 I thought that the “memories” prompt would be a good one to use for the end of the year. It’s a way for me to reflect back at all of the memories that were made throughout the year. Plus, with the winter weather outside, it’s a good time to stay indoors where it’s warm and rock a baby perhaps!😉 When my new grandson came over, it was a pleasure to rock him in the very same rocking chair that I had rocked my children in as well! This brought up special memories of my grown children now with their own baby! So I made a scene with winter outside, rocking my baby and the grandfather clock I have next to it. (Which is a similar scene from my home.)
--
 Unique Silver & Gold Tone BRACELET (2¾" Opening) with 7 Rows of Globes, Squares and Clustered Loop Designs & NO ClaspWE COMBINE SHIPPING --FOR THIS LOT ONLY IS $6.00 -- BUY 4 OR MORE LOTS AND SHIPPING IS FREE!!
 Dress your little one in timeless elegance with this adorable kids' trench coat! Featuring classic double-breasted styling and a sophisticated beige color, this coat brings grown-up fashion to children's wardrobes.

• DESCRIPTION OF THE TASK
Your answer should be the lines above from the one containing "Unique Silver &" through the one containing "Dress your little", copied exactly and with both ends kept.

• RESPONSE TO THE TASK
 Unique Silver & Gold Tone BRACELET (2¾" Opening) with 7 Rows of Globes, Squares and Clustered Loop Designs & NO ClaspWE COMBINE SHIPPING --FOR THIS LOT ONLY IS $6.00 -- BUY 4 OR MORE LOTS AND SHIPPING IS FREE!!
 Dress your little one in timeless elegance with this adorable kids' trench coat! Featuring classic double-breasted styling and a sophisticated beige color, this coat brings grown-up fashion to children's wardrobes.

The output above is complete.